Personal information
- Date of birth: 8 January 2004 (age 22)
- Place of birth: Ravenna, Italy
- Height: 1.84 m (6 ft 0 in)
- Position: Left-back

Team information
- Current team: Cesena
- Number: 3

Youth career
- 2009–2014: Del Duca Grama
- 2014–2023: Cesena

Senior career*
- Years: Team / Apps / (Gls)
- 2023–: Cesena / 19 / (0)
- 2024–2025: → Gubbio (loan) / 26 / (0)
- 2025–2026: → Inter Milan U23 (loan) / 22 / (0)

International career^{‡}
- 2024–2025: Romania U20 / 5 / (0)
- 2025–: Romania U21 / 2 / (0)

= Antonio David (footballer, born 2004) =

Romanian footballer (born 2004)

Antonio David (born 8 January 2004) is a professional footballer who plays as a left-back for club Cesena.

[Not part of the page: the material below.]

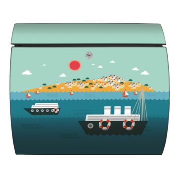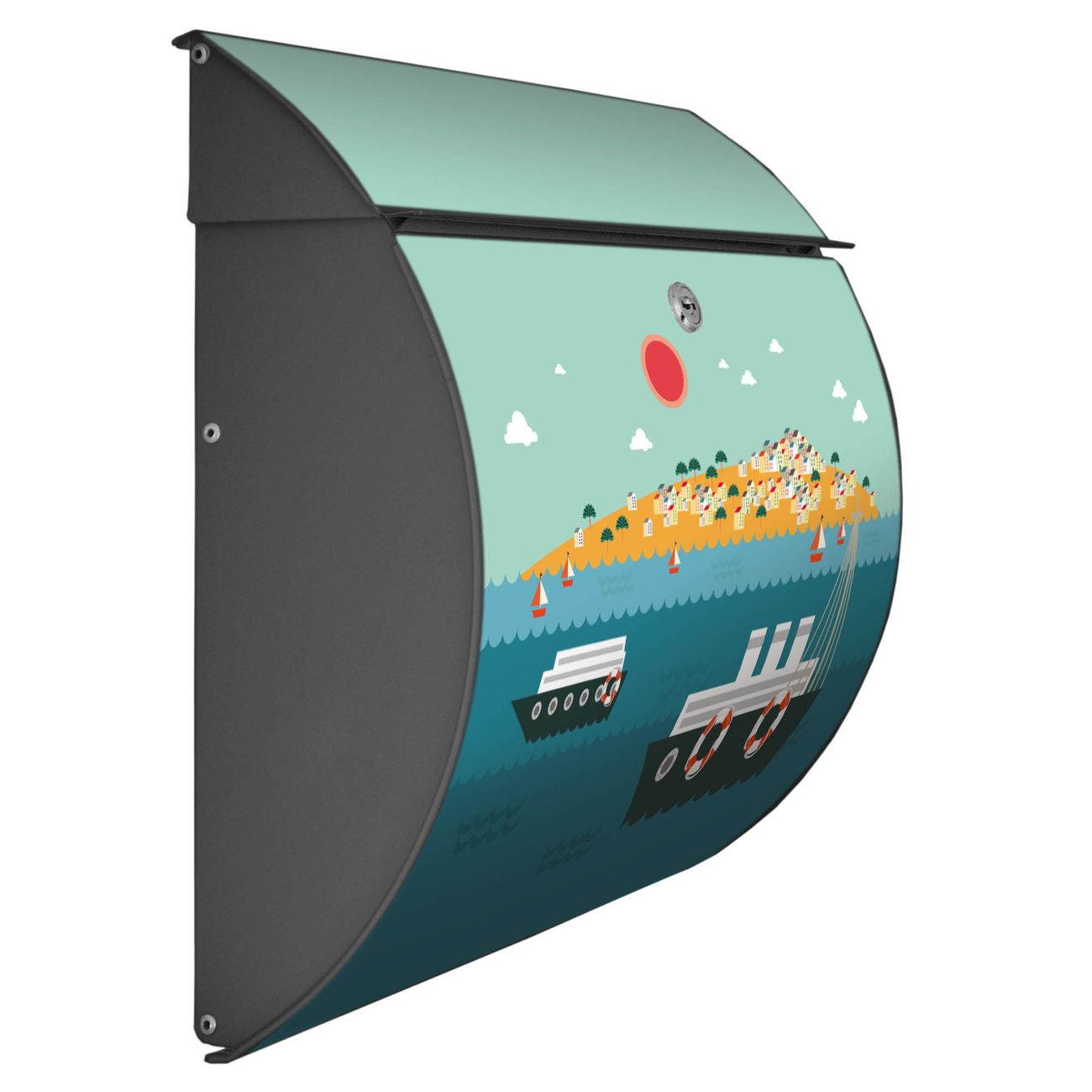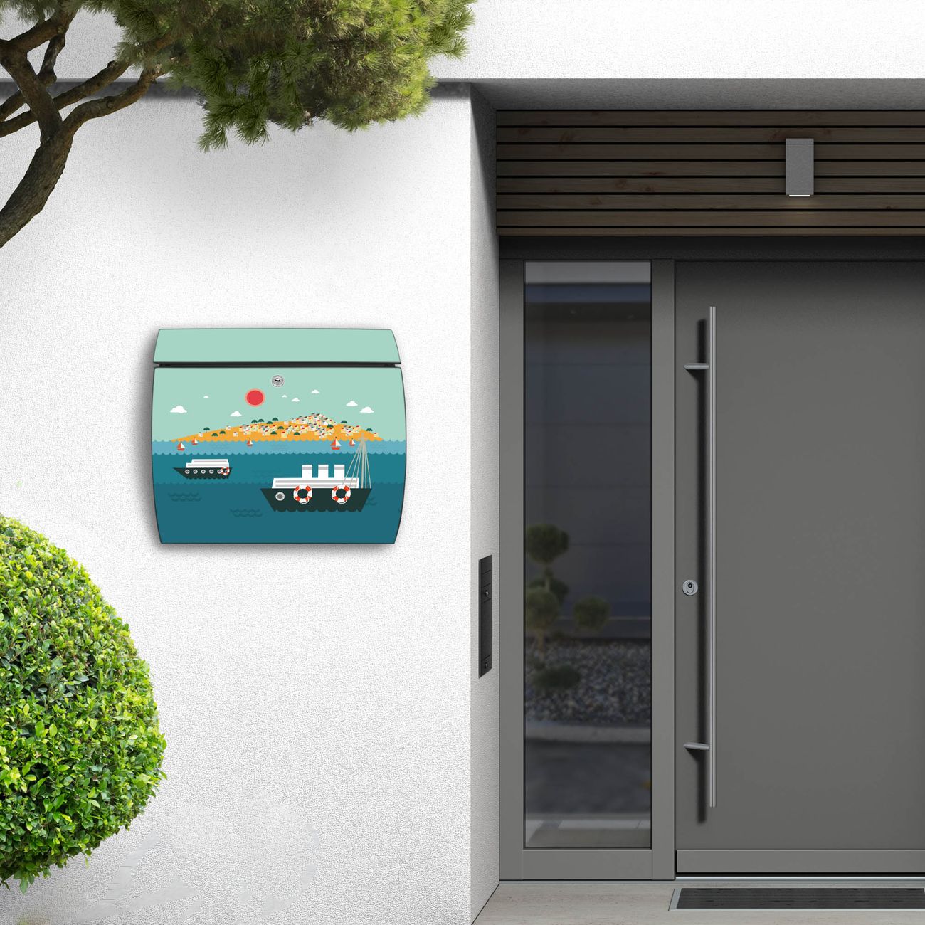 FUNKTION: DESIGN: Das Burg Wächter Modell Toscana mit Motiv Land in Sicht hat ein sehr ansprechendes und zeitloses Design und ist besonderes wetterfest. Heben Sie Sich von der tristen grauen Masse ab, ohne auf Funktionalität zu verzichten. Wir bieten Ihnen ebenfalls Namensschilder, bereits beschriftet oder frei zu beschriften, und verschiedene selbst gestaltete Bitte-Keine-Werbung-Aufkleber. DETAILS: Der Postkasten besteht aus vollflächig verzinktem Stahl welcher in Anthrazit oder Weiß lackiert wurde oder aus Edelstahl (je nach gewählter Variante). Das Motiv besteht aus einer wetter- und UV-festen Folie, die mit einem Schutzlaminat überzogen ist, durch die Ihren Briefkasten zusätzlich vor Kratzern geschützt ist und auf den Briefkasten kaschiert wurde. Sie erhalten zu Ihrem neuen Design Briefkasten 2 Schlüssel sowie das passende Montagematerial. BANJADO: Ihr Briefkasten wird von Burg Wächter in Deutschland gefertigt und in unserer kleinen Manufaktur von Hand veredelt. Die Motivfolie ist lösungsmittelfrei und schutzlaminiert, dies sorgt für einen langen Halt. Wir legen großen Wert auf die Verbindung von Funktionalität und Design. Sie erhalten besondere Handarbeit aus Sachsen und Made in Germany.

Born in Italy, he represents Romania at youth level.

==Club career==
===Cesena===
David began his career at Del Duca Grama before joining Cesena's youth setup at the age of 10. On 6 April 2023, he made his professional debut in Serie C, coming on as a substitute in a 6–1 victory over San Donato Tavarnelle.

In the 2023–24 season, now part of the first team, David made 18 appearances across all competitions. He helped Cesena secure promotion to Serie B by winning Group B.

====Loan to Gubbio====
On 23 July 2024, David joined Serie C side Gubbio on loan.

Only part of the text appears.